Wassernotstand in China

In den Großstädten im Norden Chinas wird das Wasser immer knapper. Weil jedes Jahr Millionen Chinesen vom Land in die Stadt ziehen und dort immer mehr Wasser verbrauchen, schwinden die Trinkwasserreserven rasant. Die Wasserknappheit bremst mittlerweile auch das wirtschaftliche Wachstum in manchen Regionen Chinas, sagt die Weltbank. Experten warnen vor einem Wassernotstand.

Morgenjournal, 18.5.2013

Wasser für die Reichen

In den reichen Gegenden Pekings ist von Wassermangel nichts zu bemerken. Vor vielen neuen Wohnhauskomplexen wurden großzügige Teiche und Wasserfontänen errichtet. Auch die mehr als 60 Golfplätze in der chinesischen Hauptstadt werden großzügig bewässert.
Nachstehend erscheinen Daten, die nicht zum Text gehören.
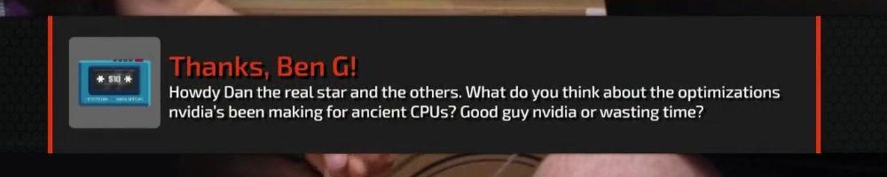 Thanks, Ben G! Howdy Dan the real star and the others. What do you think about the optimizations nvidia's been making for ancient CPUs? Good guy nvidia or wasting time?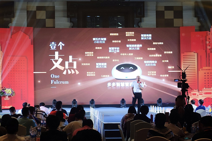 赖正福专题分享。佛山日报记者覃征鹏摄赖正福表示,一群有共同梦想、来自不同领域的人士,联合打造了多对多物联平台,以“物模型”为基础,将多样性、多品牌、多协议的智能设备全天候互通,通过多多智慧管家机器人,通过智慧家庭、智慧康养、地产新营销、小区/社区改造及产业赋能解决方案,高频粘性主动服务物联网用户,引领物联网商业发展。同时形成合资公司、合伙人、城市合伙人等多种模式,加速完成百城千盘战略,共建共享共发展。

Sie verbrauchen jedes Jahr so viel Grundwasser wie eine Million Einwohner. In den Wasser-Reservoirs sinken die Pegel seit Jahren. Und das immer schneller.

Den Bauern im Umland Pekings wird buchstäblich das Wasser abgegraben. Ein Blick auf die Statistik veranschaulicht Chinas Wasserkrise. Im subtropischen Süden des Landes befinden sich gut 80% der nationalen Wasser-Ressourcen. Dort lebt gut die Hälfte der Bevölkerung. 40% der Chinesen leben in trockenen Gebieten des Nordens, die nur über rund 15% des Wassers verfügen. Doch ist Wasserknappheit nicht das einzige Problem. 40% des Wassers in den großen Flüssen ist so stark verunreinigt, dass Menschen damit nicht in Kontakt treten sollten hat die chinesische Akademie der Wissenschaften jüngst errechnet. Und auch das in Bau befindliche gigantische Wasserumleitungsprojekt, bei dem über hunderte Kilometer lange Kanäle, künstliche Teiche und Tunnel Wasser aus dem Jangtse nach Norden gepumpt werden soll, wird das Problem kaum lösen. Umweltexperten wie Ma Tianjie von Greenpeace in Peking fürchten, dass dieses Wasser nicht die nötige Qualität hat, um die Trinkwasserknappheit im Norden Chinas zu lösen:

„Das aus dem Süden umgeleitete Wasser könnte zu einem hohen Grad verschmutzt sein. Es kommt aus Regionen, die wirtschaftlich schlecht entwickelt sind, mit vielen alten Industrien. Wir vermuten, dass sich darin Schwermetale befinden und das Wasser deshalb von geringer Qualität ist.“
Die Wasserknappheit ist jedenfalls eines der größten Probleme, das die soziale und wirtschaftliche Entwicklung im Norden Chinas hemmt heißt es aus der Weltbank. Demnach kosten die Folgen des Wassermangels dem Land gut 2 Prozent der jährlichen Wirtschaftsleistung. Für die rasant wachsenden Städte wird es immer schwieriger die Versorgung mit genügend Trinkwasser zu gewährleisten. Allein in Peking sind im vergangenen Jahrzehnt im Durchschnitt mehr als 600.000 Menschen pro Jahr zugezogen. Bis 2030 werden in ganz China mindestens 30 Millionen vom Land in die Städte ziehen. Viele dieser Ballungsräume befinden sich in den Trockengürteln Nordchinas. Dazu kommt, dass die Menschen jetzt die Früchte des wirtschaftlichen Aufstiegs ernten wollen, dass sie eben auch wasserintensiv produzierte Lebensmittel konsumieren wollen. Und dass Wassersparen in China derzeit nicht in Mode ist. Dafür sind die saftig-grünen Golfplätze im sonst recht staubigen Peking ein eindeutiger Beleg.